Parallel Axis Theorem and interia tensors

1. Nov 30, 2008

pimpalicous

Is the parallel axis theorem always valid for inertia tensors? We have only seen examples with flat (2d) objects and was wondering if it would also be valid for 3d objects, like a h emisphere, for example.
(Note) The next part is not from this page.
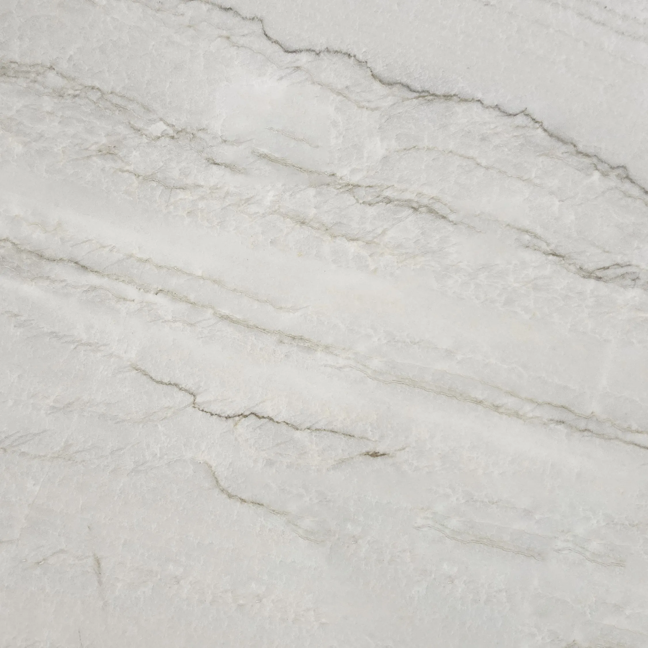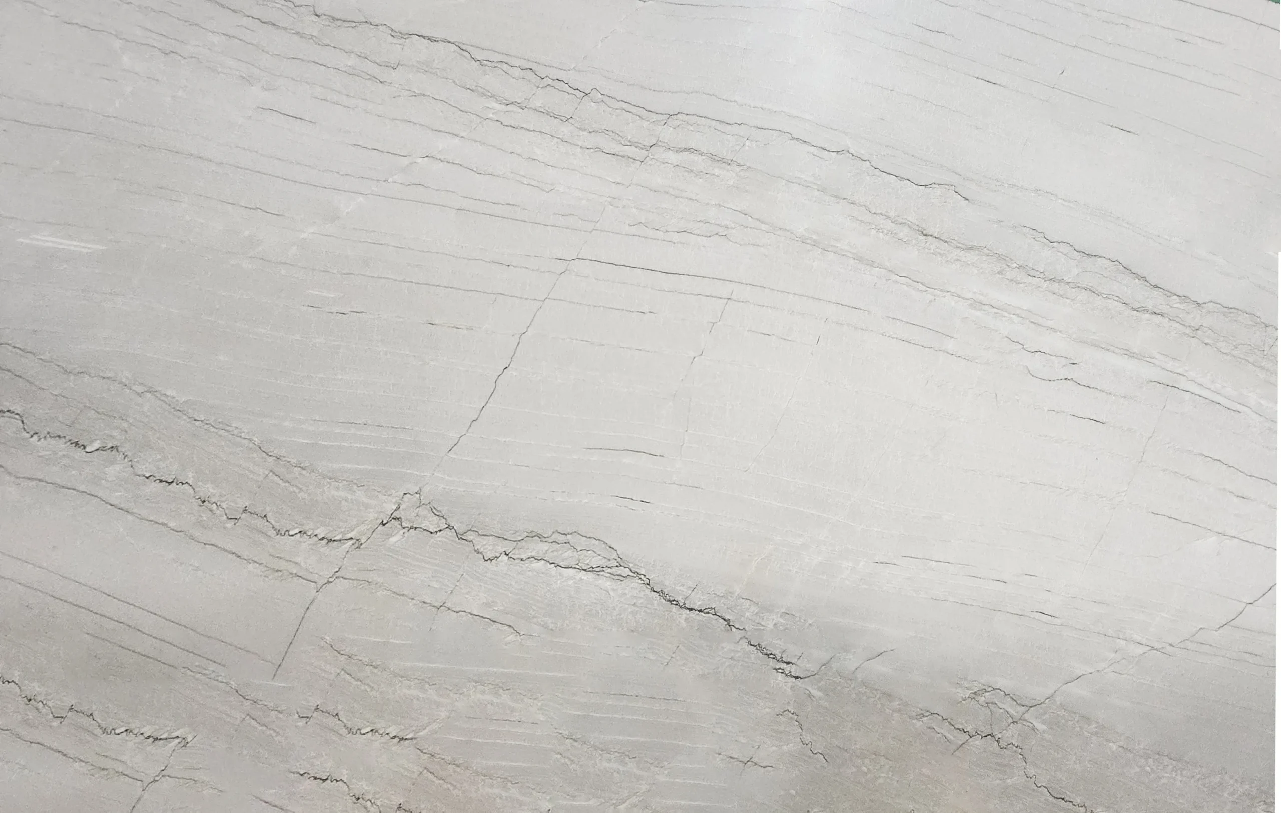 Description: Quartzite Blanco Perla, a premium natural stone that blends luxurious aesthetics with unmatched durability. This stunning quartzite features a soft white and light gray background, elegantly accented with delicate veining and subtle movement, making it a sophisticated choice for both modern and classic designs.

Thanks.

2. Nov 30, 2008

aerospaceut10

Yep, just use the distance projected from the axis that it's being measured around.

3. Nov 30, 2008

D H

Staff Emeritus
The general form for the parallel axis theorem is

$$\mathbf{J} = \mathbf{I} + m(r^2\mathbf{1} - \boldsymbol{r}\boldsymbol{r}^T)$$

where

$\mathbf{J}$ is the inertia tensor of some object about some point removed from the center of mass,
$\mathbf{I}$ is the inertia tensor of the object about its center of mass
$m$ is the object's mass
$\boldsymbol{r}$ is the displacement of the point in question from the center of mass, expressed as a column vector
$\mathbf{1}$ is the identity matrix.

Last edited: Dec 1, 2008
4. Dec 1, 2008

I think you meant $$\mathbf{J} = \mathbf{I} + m(r^2\mathbf{1} - \mathbf{r}\mathbf{r}^T)$$, because $$\mathbf{r}^T \mathbf{r} = r^2$$, which is not even the right type of tensor.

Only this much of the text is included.